**What to produce**:
Would you please copy all of the data exactly, skipping the images?

**Dataset extract**:

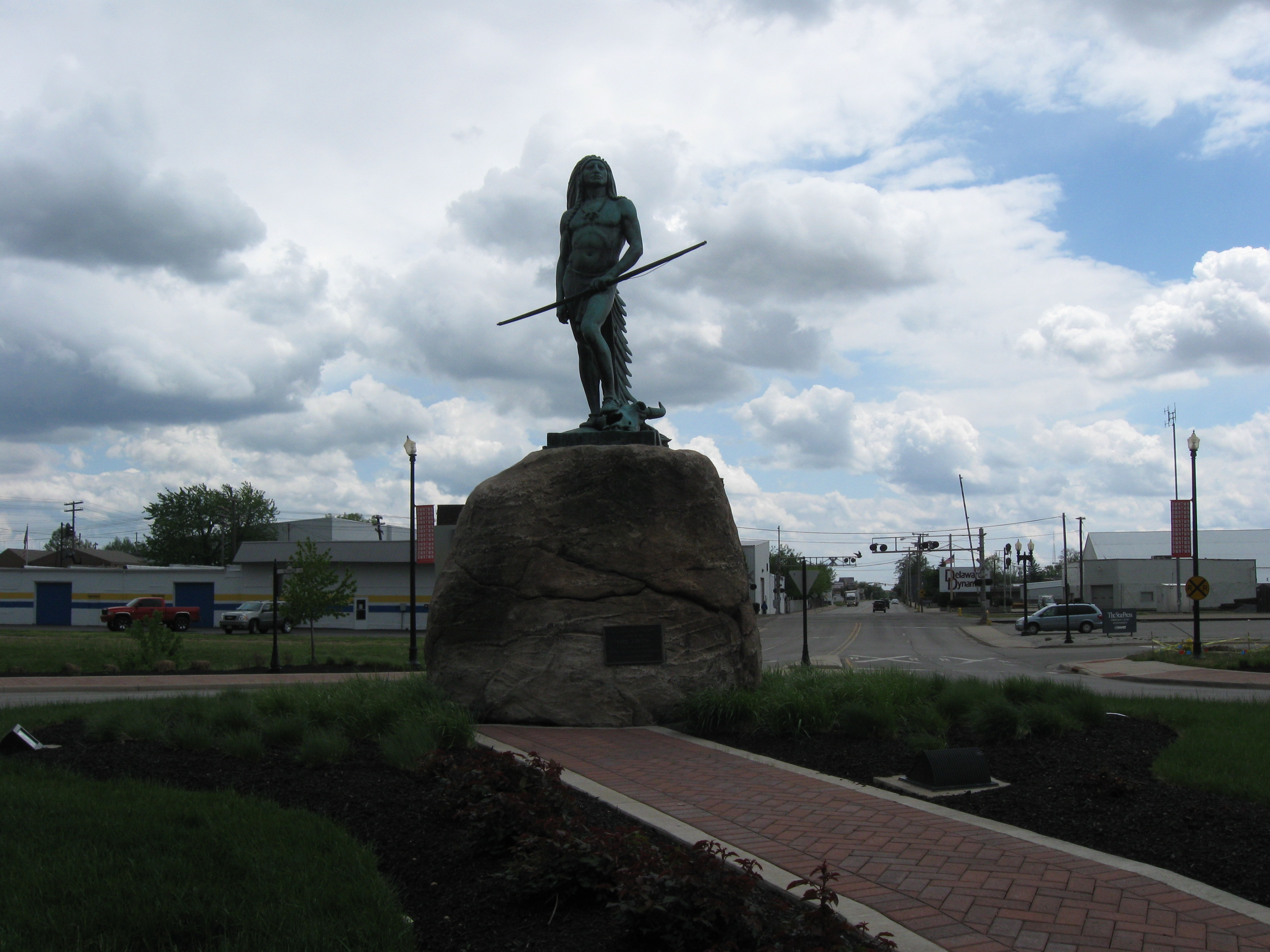 Beyond the borders of Minnetrista, Muncie has a few statues that visitors are required to track down, according to my sister-in-law and all available tourist brochures. At the south end of downtown is “Passing of the Buffalo”, sculpted in 1929 by Cyrus E. Dallin. This one stands in a roundabout and greets anyone who approaches Muncie from I-69 North’s exit 234, assuming you follow Mapquest’s recommendations.
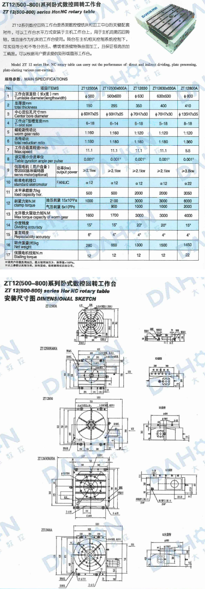 ZT12系列數(shù)控轉臺是各類數(shù)控鏜銑床和加工中心的關鍵配套附件,可以工作臺水平方式安裝于主機工作臺上,用于主機的第四回轉軸,或直接作為機床的工作臺使用。轉臺在主機相關控制系統(tǒng)控制下,可實現(xiàn)等分和不等分的孔、槽或者連續(xù)特殊曲面加工,且保證很高的加工精度。可以根據(jù)用戶要求提供知形或圓形工作臺。數(shù)控轉臺與數(shù)控分度頭的使用都是為加工與數(shù)控銑床提供回轉坐標,通過數(shù)控轉臺、第四軸、分度盤完成等分、連續(xù)、不等分的回轉加工過程,從而完成復雜曲面的加工作業(yè),進而讓機床原有的價格范圍得到擴大。
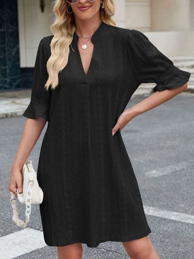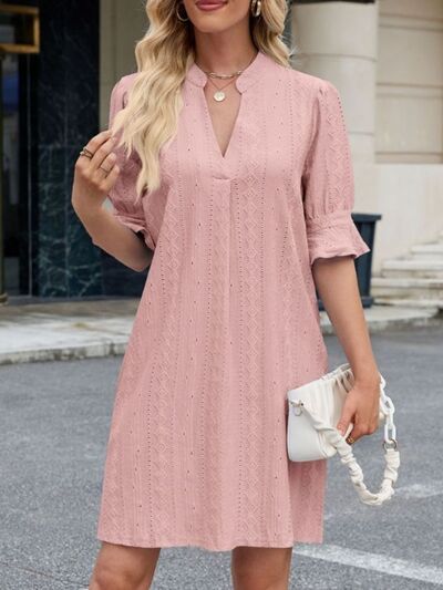 Eyelet Flounce Sleeve Mini Dress
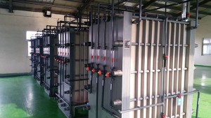 通過擴(kuò)散滲析設(shè)備分離出的堿濃度偏低,通過均相膜電滲析進(jìn)行回收堿液的濃縮,可以提高堿的濃度,進(jìn)行回用。

**The answer**:
 Beyond the borders of Minnetrista, Muncie has a few statues that visitors are required to track down, according to my sister-in-law and all available tourist brochures. At the south end of downtown is “Passing of the Buffalo”, sculpted in 1929 by Cyrus E. Dallin. This one stands in a roundabout and greets anyone who approaches Muncie from I-69 North’s exit 234, assuming you follow Mapquest’s recommendations.
 ZT12系列數(shù)控轉臺是各類數(shù)控鏜銑床和加工中心的關鍵配套附件,可以工作臺水平方式安裝于主機工作臺上,用于主機的第四回轉軸,或直接作為機床的工作臺使用。轉臺在主機相關控制系統(tǒng)控制下,可實現(xiàn)等分和不等分的孔、槽或者連續(xù)特殊曲面加工,且保證很高的加工精度。可以根據(jù)用戶要求提供知形或圓形工作臺。數(shù)控轉臺與數(shù)控分度頭的使用都是為加工與數(shù)控銑床提供回轉坐標,通過數(shù)控轉臺、第四軸、分度盤完成等分、連續(xù)、不等分的回轉加工過程,從而完成復雜曲面的加工作業(yè),進而讓機床原有的價格范圍得到擴大。
 Eyelet Flounce Sleeve Mini Dress
 通過擴(kuò)散滲析設(shè)備分離出的堿濃度偏低,通過均相膜電滲析進(jìn)行回收堿液的濃縮,可以提高堿的濃度,進(jìn)行回用。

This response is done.